This is part two in a three-part series on the role of Big Data in the college-search process. You can read part one on colleges’ year-long pursuit of students here. Check back for part three on data in an era of demographic change.
A decade ago, Saint Louis University found itself in a precarious situation. About half of the university’s 8,600 undergraduates were from Missouri and Illinois, and the demographic forecast for the Midwest looked bleak: the number of high-school graduates from the region was projected to drop by nearly a third by 2028.
So the university started to dig deeper for prospects in its backyard, purchasing more names of prospective high-school students from the College Board and ACT and targeting those teenagers with marketing materials. At one point, admissions officials at Saint Louis University were buying upwards of 250,000 names annually.

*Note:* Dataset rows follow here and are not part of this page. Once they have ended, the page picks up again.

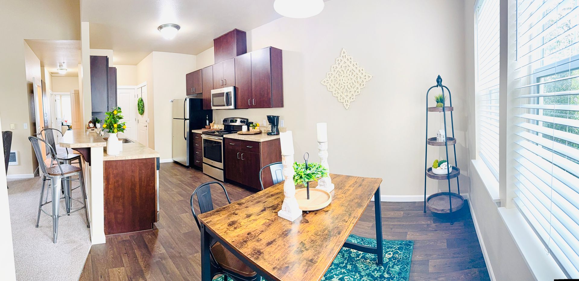 ❖ Brand new rich wood grain vinyl flooring in your kitchen dining room and restroom.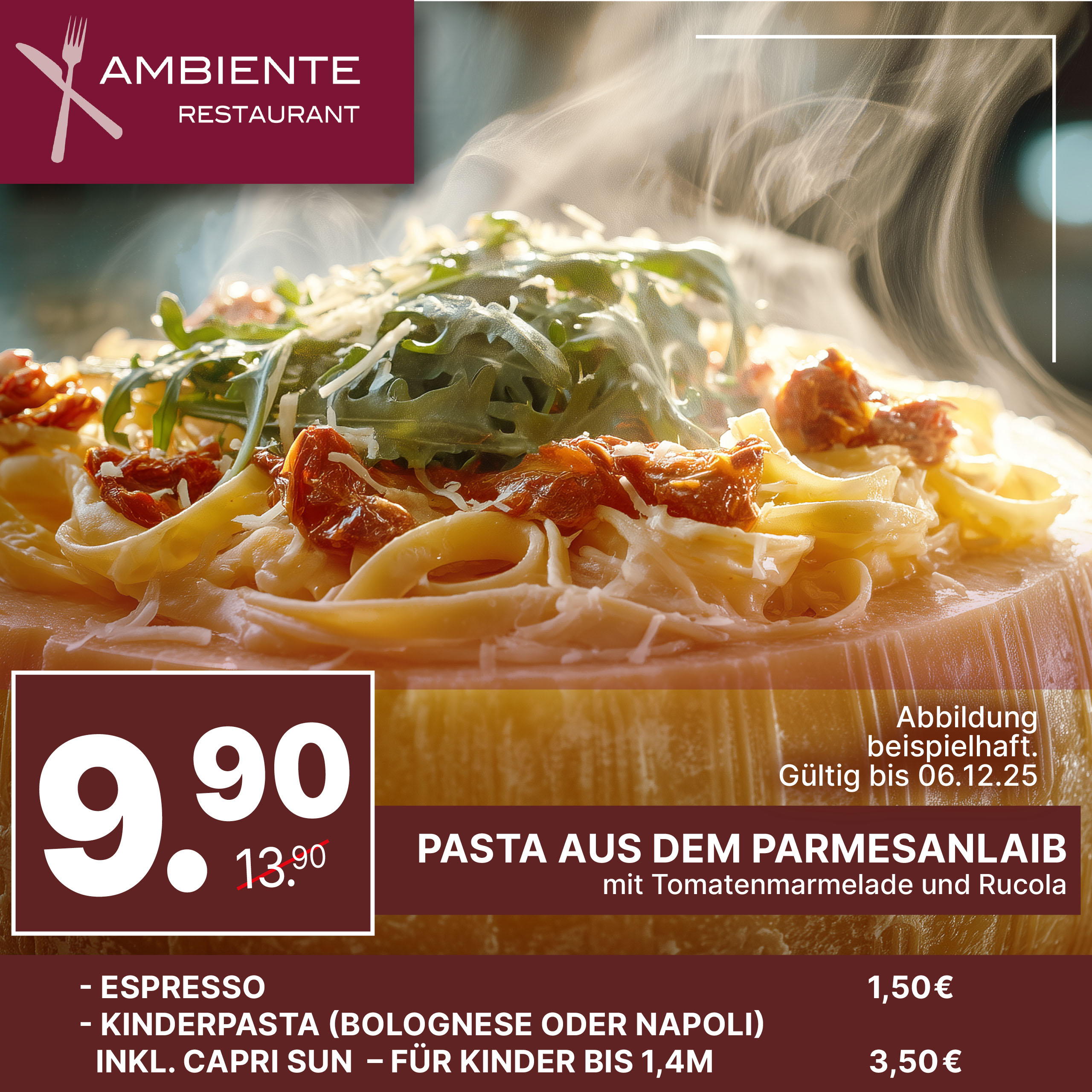 Während unserer Italienischen Wochen bieten wir für unsere Gäste besondere Angebote an. Unser Restaurant hat während der Italienischen Wochen zu folgenden Öffnungszeiten geöffnet: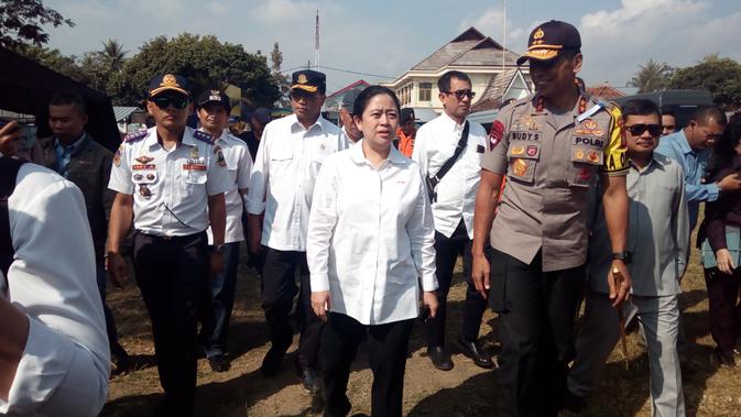 Menggunakan tiga helikopter Basarnas, rombongan Menteri Puan didampingi Menteri PUPR Basuki Hadimuljono, Menteri Perhubungan Budi Karya Sumadi, Menteri Kesehatan Nila F Moeloek, Kepala Basarnas Marsekal Madya (TNI) Bagus Puruhito, dan Kapolda Jabar Irjen Pol Rudy Sufahriady.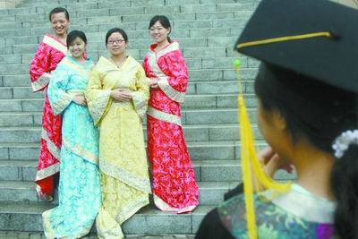 該學(xué)院團(tuán)委書記孫曉波介紹,中國大學(xué)并沒有統(tǒng)一規(guī)定畢業(yè)生穿什么服裝,但越來越多的大學(xué)采用歐洲舶來的學(xué)位服,以至于常能看到工科、文科畢業(yè)生穿錯學(xué)位服等事情。孫曉波說,“漢服是世界傳承時(shí)間最長的民族服飾,飄逸灑脫,符合中國人的傳統(tǒng)思維模式及文化價(jià)值取向,我們認(rèn)為,以漢服為本民族的學(xué)士服非常合適”。(徐富盈)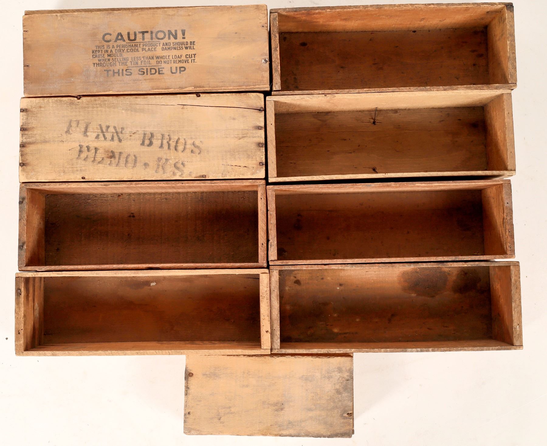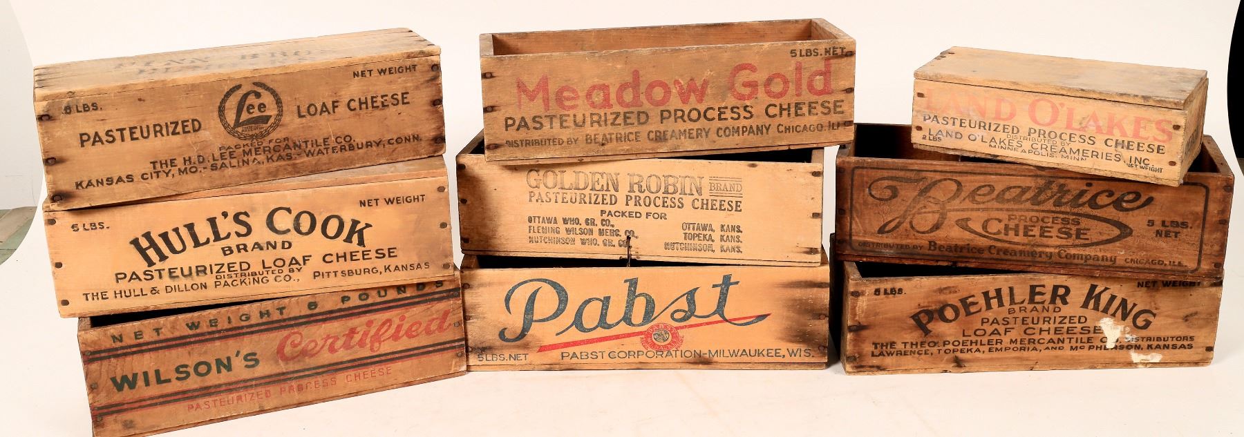 9 different wooden cheese boxes, about 3.5x12x4". Hull's Cook, Wilson's, Land O' Lakes, Poehler King, Meadow Gold, Pabst, Golden Robin etc. Gary Bracken Collection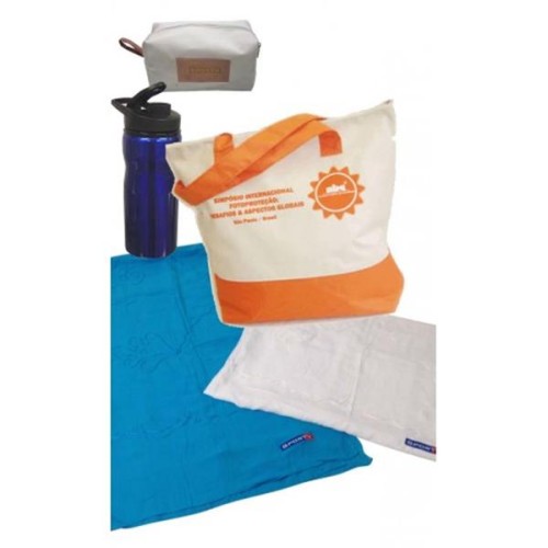Kit praia personalizada contendo : 1 Canga Personalizada confeccionadas em tecido viscose , com as medidas 87 x 1,40 , com gravação em silk (chapada ) no máximo até 03 cores sobre área máxima de 40 x 50 cm.
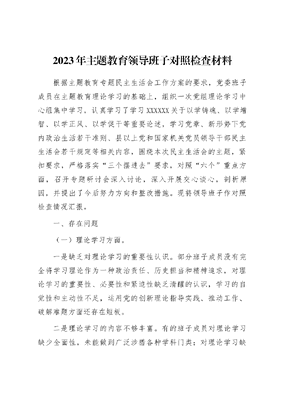 2023年主题教育民主生活会领导班子对照检查材料.docx

“We approached searching for students the way most schools did at the time,” said Jay Goff, the university’s vice president for enrollment and retention management. “We would take the demographics of the previous year’s freshman class and try to purchase more names that matched them the following year.”
Given demographic trends, university leaders knew that such a strategy was unsustainable. Like many of its peers, Saint Louis University also wanted to recruit from new geographic regions and improve the racial and economic diversity of its student body, as well as its retention and graduation rates. Those goals called for a new way of searching for potential students, and in doing so, created a new data-driven approach to admissions adopted by hundreds of other colleges and universities over the past several years.